10.7. typped.ebnf_classes_and_operators¶
This module implements a nice frontend for parsing grammars using EBNF-like Python
expressions. The backend is the recursive-descent parsing capabilities of the
PrattParser
class, implemented using precondition functions and null-string
token handlers.
Similar Python parsing packages.
These are a few (but not all) similar Python parsing packages for parsing from BNF- or EBNF-like grammars (though without the underlying Pratt parsing framework). Some use string representations of the grammar, while others use overloaded Python operators. Most do not automatically produce a parse tree.
- pyparsing – Uses Python overloading to define the grammar, similar to this module. http://pyparsing.wikispaces.com/home
- Parsimonius – Passed a string containing the EBNF of the grammar and returns a parse tree. https://github.com/erikrose/parsimonious
- Parsley – Passed a string containing the EBNF of the grammar. https://github.com/python-parsley/parsley/
- yeanpypa – Uses Python overloading, similar to this module. https://github.com/DerNamenlose/yeanpypa
- Lark – Passed a string. Implements Earley & LALR(1) and returns a parse tree. https://github.com/erezsh/Lark
For more information on the various Python parsers, see these summaries:
10.7.1. Terminology and notation¶
These terms are used in the description:
- The individual rewrite rules such as
<expression> ::= <term>
in a BNF grammar are called production rules. They are also called productions or just rules. The symbols on the l.h.s. of productions (which can also appear in the r.h.s.) are called nonterminal symbols. The r.h.s of a production is called the parsing expression. The r.h.s. of productions can contain terminal symbols, nonterminal symbols and perhaps other symbols such as the special epsilon symbol which matches an empty string. - Production rules with the the same l.h.s. nonterminal symbol will be referred to
as different cases of the nonterminal symbol. A common notation is
to define multiple cases in one production rule expression by using the “or”
symbol
|
. This form of definition is currently required by this module. That is, all the cases for any nonterminal must occur in a single expression, using|
if there are multiple cases. The ordered list of all the rule cases for a nonterminal will be called the caselist for the nonterminal. Order matters for resolving ambiguity. - The separate symbol elements within a case will be collectively called the items of that case. They include terminal symbols, nonterminal symbols, and possibly the epsilon symbol. In this module there are no explicit terminal symbols. Instead, terminals are either tokens (defined for the lexer and returned by it) or else consecutive sequences of tokens.
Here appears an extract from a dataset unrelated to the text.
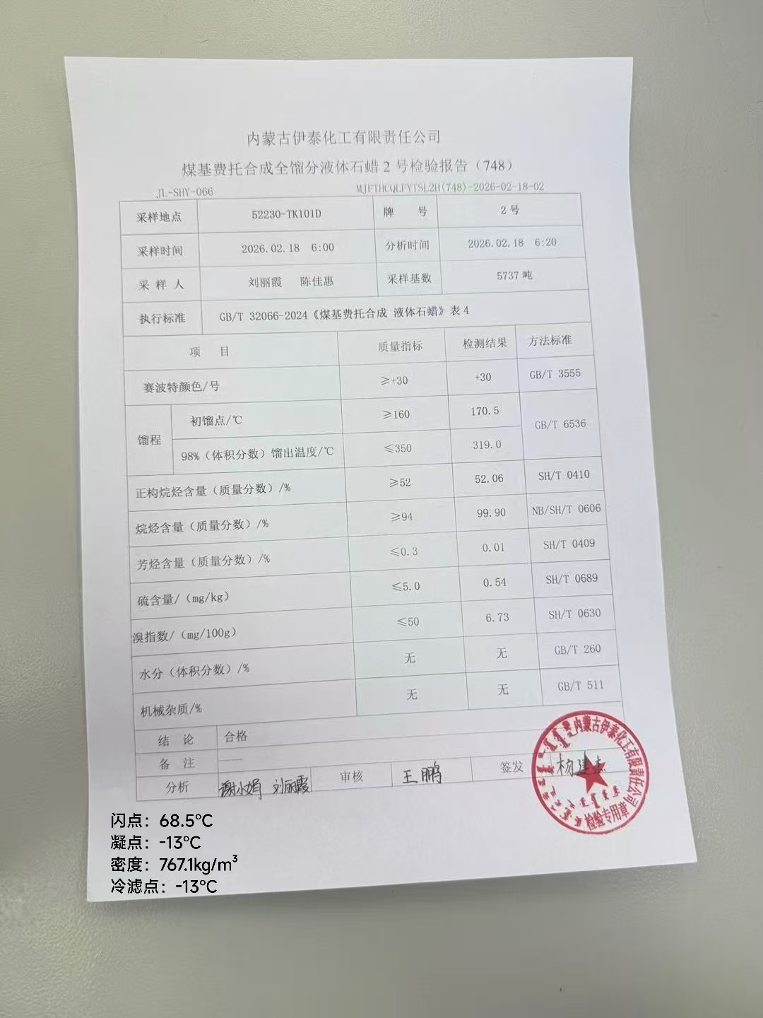 伊泰粗液体蜡2号 2026年2月18日指标

This is an example of a definition of a caselist with two cases in the Typped EBNF-like code:
arglist = ( Rule("arg") + Tok("k_comma") + Rule("arglist")
| Rule("arg")
)
The tokens involved must already be defined (and the token itself can be used
in the rule instead of the label inside a call to Tok
). The caselist for
arg
is not shown, but it could be defined before or after the arglist
caselist. The order in which the caselists of production rules are written
does not matter, so they can be written top-down, beginning with the
start-state nonterminal, or in any other convenient way.
Nonterminals are written as strings passed to Rule
precisely so they can be
used in the r.h.s. of caselist definitions even when they have not yet been
defined. They are resolved later when the compile
method of the grammar is
called (passed the start nonterminal and the locals dict). These r.h.s.
strings for nonterminals must be identical to the l.h.s. Python variable
names for the nonterminals (since they are looked up in the locals dict).
The order in which the cases of a nonterminal are defined within a caselist does matter, at least for ambiguous grammars and to avoid or minimize backtracking. The order of the cases is the order in which the algorithm will test the cases. The first successful parse is returned. In this sense the grammar is similar to a parsing expression grammar (PEG) rather than a context-free grammar (CFG), which can be ambiguous. See, e.g., https://en.wikipedia.org/wiki/Parsing_expression_grammar
10.7.2. Implementation¶
This module is a work-in-progress. As of now the syntactic Python interface mostly all works, but not all of the features have been coded into the backend “compiling” algorithm. Currently it does basic BNF types production rules, but not many EBNF extensions. See the test file cases for examples. Here is a summary of what is implemented and what is not yet implemented.
Implemented:
- Backtracking recursive descent search.
Rule
Tok
Not yet implemented:
Prec
and precedences in productionsSig
type handlingPratt
calls to the Pratt parserOpt
- Repeated items (
OneOrMore
,ZeroOrMore
,Between
, etc.)Not
OneOf
Hide
- LL(1) optimization
- Epsilon production handling.
- Undo compile in the
Grammar
class.
10.7.3. Wrapper functions¶
Strings in the rule-defining expressions must be wrapped by some function call, even though allowing the plain strings would be convenient for rules or for using token labels instead of the token objects. That would work in most cases, but since addition is defined for strings it would not work for two strings at the beginning of the expression.
Wrapper functions:
Function | Arguments | Shortcut | Python3 only |
---|---|---|---|
Rule |
rule-label (a string) | ||
Tok |
token | token | |
Root |
item | ||
Prec |
item, prec | item[prec] | |
Sig |
item, type sig | item(sig) | |
Pratt |
(optional) pstate, type sig | ||
Opt |
item (any number of args) | ||
nExactly |
int, item | n * item | |
nOrMore |
int, item | (n,) * item | (n,…) * item |
OneOrMore |
item | (1,) * item | (1,…) * item |
ZeroOrMore |
item | (0,) * item | (0,…) * item |
Between |
int, int, item | (m,n) * item | |
Hide |
item | ||
Not |
item | ||
AnyOf |
itemlist |
Note that (n,m)
and its variations are equivalent to [n,m]
if that
syntax looks clearer.
10.7.4. Overloaded operator API¶
The basic objects that make up rule definitions are Item
objects, ItemList
objects, and CaseList
objects. The latter two are just list-like objects
with most of the list operations overloaded. An ItemList
only holds Item
instances, and a CaseList
only holds ItemList
instances. These objects do
not nest, though, and so there are some important differences from ordinary
Python lists.
The ItemList
and CaseList
classes are basically designed for concatenation
operations, since that is what is used to build up production rule expressions.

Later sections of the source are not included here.